Component (C) Glass fiber A (trademark: FT121, E glass, refractive index 1.545, manufactured by Asahi Fiber Glass Co., Ltd.) Glass fiber B (trademark: E)
CR glass, refractive index 1.579, manufactured by Asahi Fiber Glass Co., Ltd.

Examples and Comparative Examples The components were mixed in the ratios (weight ratios) shown in Table 1 to obtain 260
Extruded by a twin-screw extruder (30 mm) set to 15 ° C., 150 rpm, 15 Kg / hour (extrusion speed) to form pellets, and then using a molding machine of 80 tons, a cylinder set temperature of 260 ° C. and a mold temperature of 80 Injection molded at ° C.

The haze and flexural modulus of the obtained molded product were measured. The results are shown in Table 1. Haze is 50
The test piece of x50x3 mm was measured using a haze meter, and the flexural modulus was measured according to ASTM D790.

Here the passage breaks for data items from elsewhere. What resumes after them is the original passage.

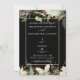 Diese rustikale Hochzeitseinladung ist sauber und dekorativ und bietet einen schönen Kiefernhain mit Kiefernfüßen auf elegantem schwarzen Hintergrund mit Goldlack
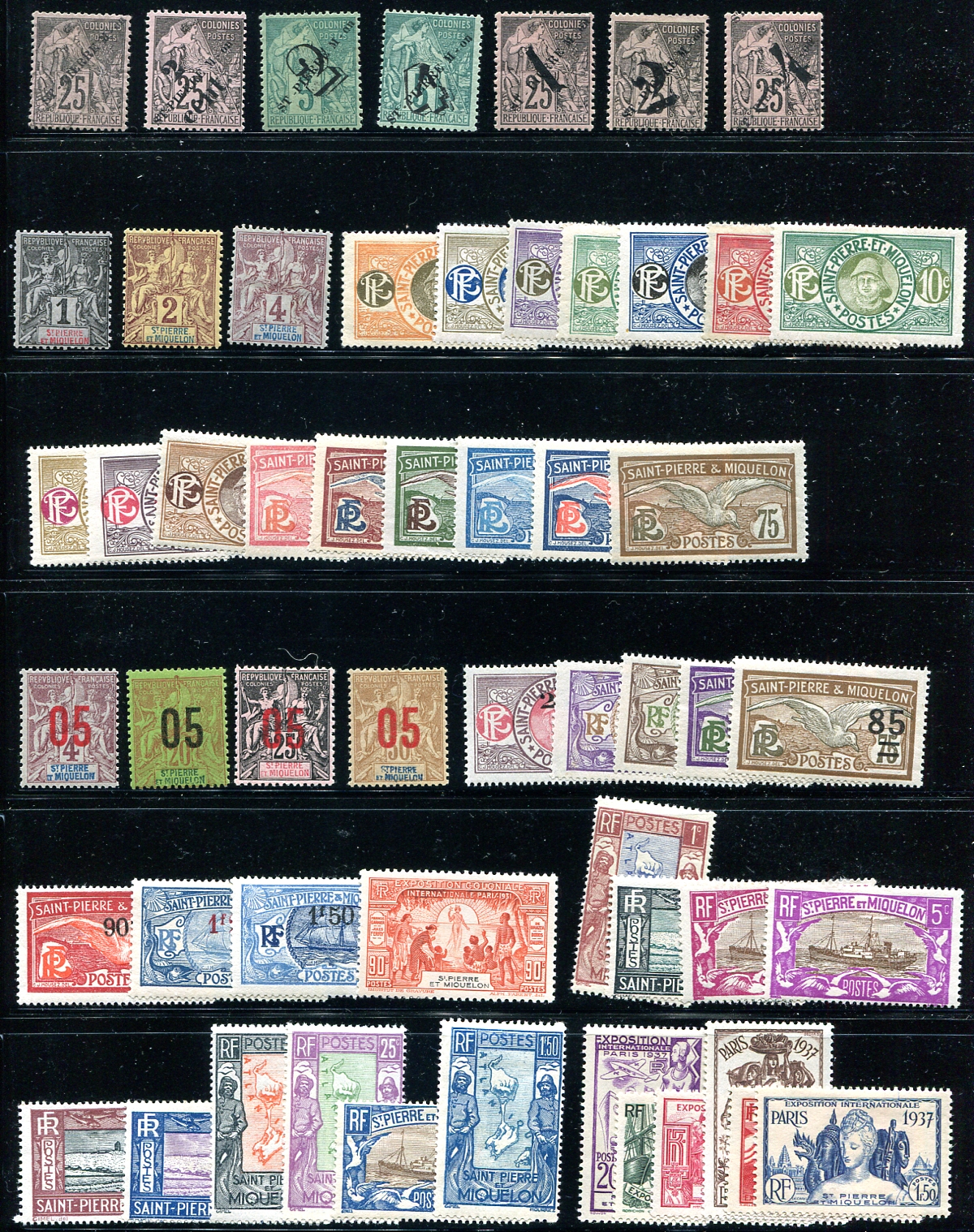 Two pages of a "sampler" of mint SPM from the French Colonial overprints, and an assortment of "Fishermen", "Seagulls", "Ships", "Dogs", with the best being ten different "FNFL" (Free French) overprints (a few with Bileski marks). A wide range of hinging, with a number being never hinged or lightly hinged, and only a few with heavy hinging or small remnants. Very fresh appearance. 2024 Scott US$574.90 =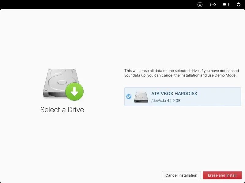在下面的屏幕上,选择要安装操作系统的驱动器,然后点击“擦除并安装(Erase and Install)”。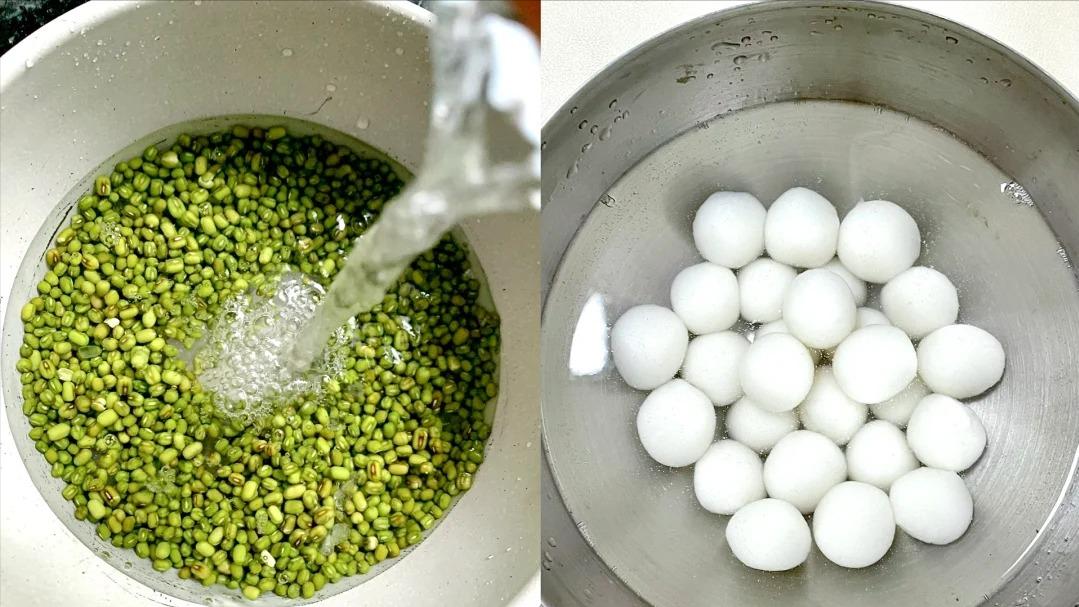 1、綠豆100克加清水洗乾淨,然後泡一夜,可以放冰箱,避免豆子發芽,最近的溫度實在太高了。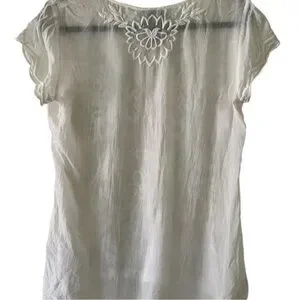 008 JW // Johnny Was Cream Floral Embroidered Blouse // XS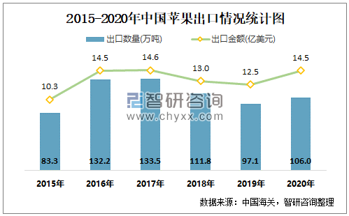 2015-2020年中国苹果出口情况统计图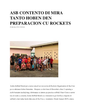 Aruba Softball Bond por a tuma nota di un movecion di Rockets Organisation di Sta Cruz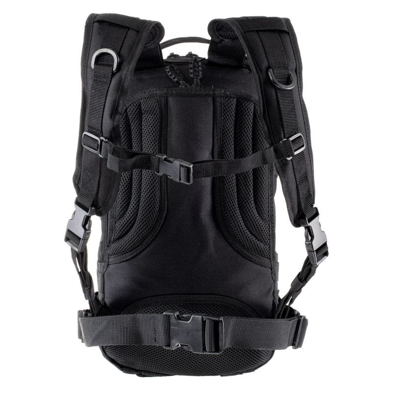 Batoh má: 2 prostorné hlavní komory, dvě přední kapsy a zadní kapsu na zádech například na camelbak.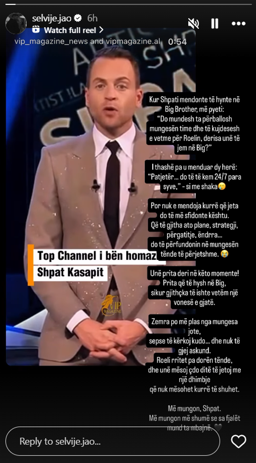 Në lidhje me këtë reagoi edhe bashkëshortja e tij, Selvije Jao, e cila tregoi brengën që kishte Shpati për t’u bërë pjesë e këtij formati.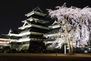 高遠の桜の季節の前後約1ヶ月間がイベント「高遠のさくらまつり」の期間で、ライトアップなども行われます。祭りのイベントの中には、以前は、名物の高遠饅頭の早喰い大会も行われていましたが、2007年から「品位に欠ける」ということでやらなくなりました。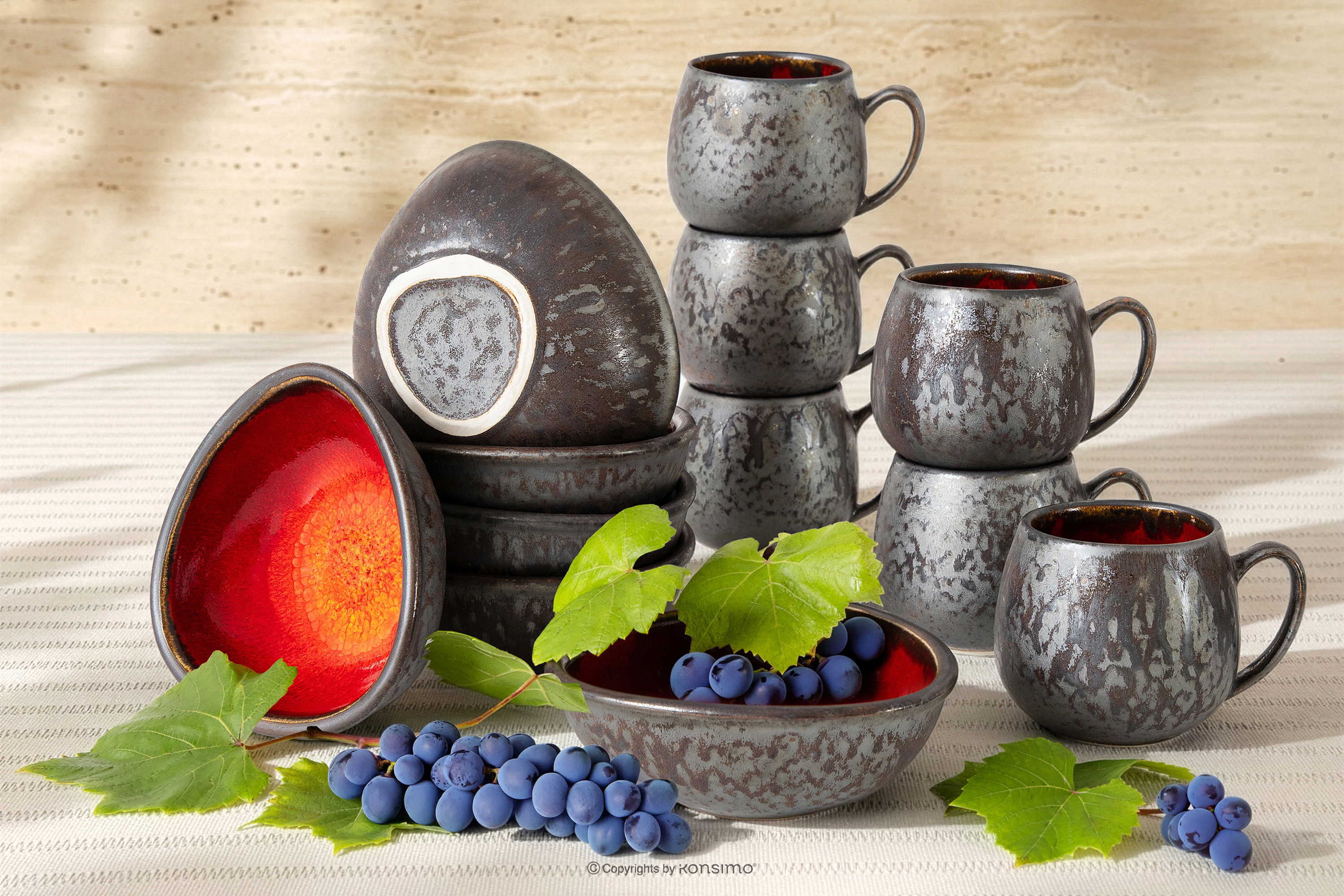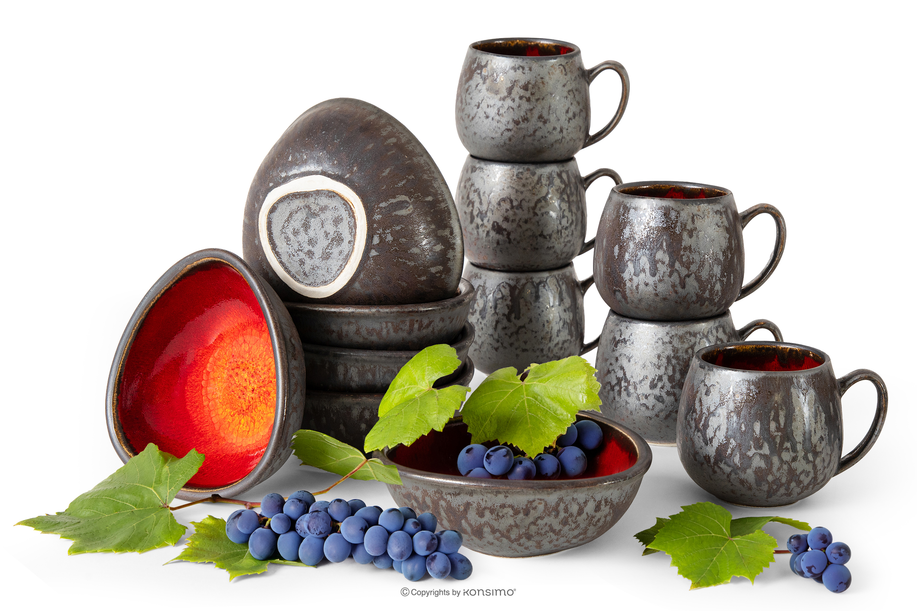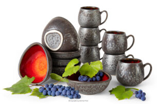 PRIMA zobacz całą kolekcję Zestaw śniadaniowy loft ręcznie szkliwiony 6 os. (12 el.) czerwony- kolor czerwony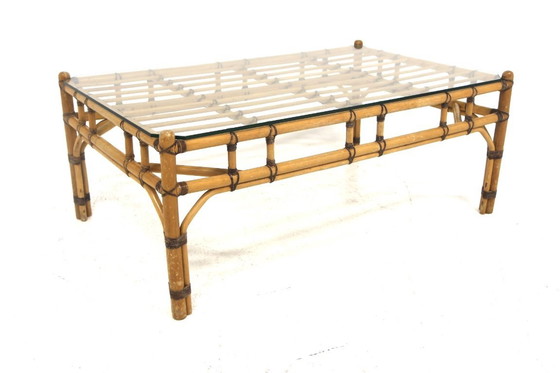 Rattan-Couchtisch, entworfen in Schweden in den 1970er Jahren. Glasplatte, Rattangestell. In exzellentem Zustand, sehr stabil mit minimalen Gebrauchsspuren. 28535

Comparing the examples with the comparative examples, it is clear that by mixing the copolyester according to the invention the transparency is significantly improved and the rigidity is maintained.
As shown in the comparative example, when using a glass of low refractive index,
That is, the effect of the present invention cannot be obtained when the difference in the refractive index with the polycarbonate is large.

[0075]

[0076]

EFFECTS OF THE INVENTION According to the present invention, as described above, a glass-reinforced polycarbonate resin composition that exhibits the transparency peculiar to polycarbonate while maintaining high rigidity can be obtained.

Claims (1)

[Claims] 1. A) 99 to 10 parts by weight of a polycarbonate-based resin and / or polyester carbonate-based resin, B) 1 to 90 parts by weight of a polyester derived from terephthalic acid and an alicyclic diol, and both components A). And B) to a total of 99 to 40 parts by weight, C) 1 to 60 parts by weight of glass filler, and refraction of the component A) polycarbonate-based resin and / or polyester carbonate-based resin and the component C) glass filler. A glass-reinforced polycarbonate resin composition, characterized in that the difference in the ratio is 0.01 or less.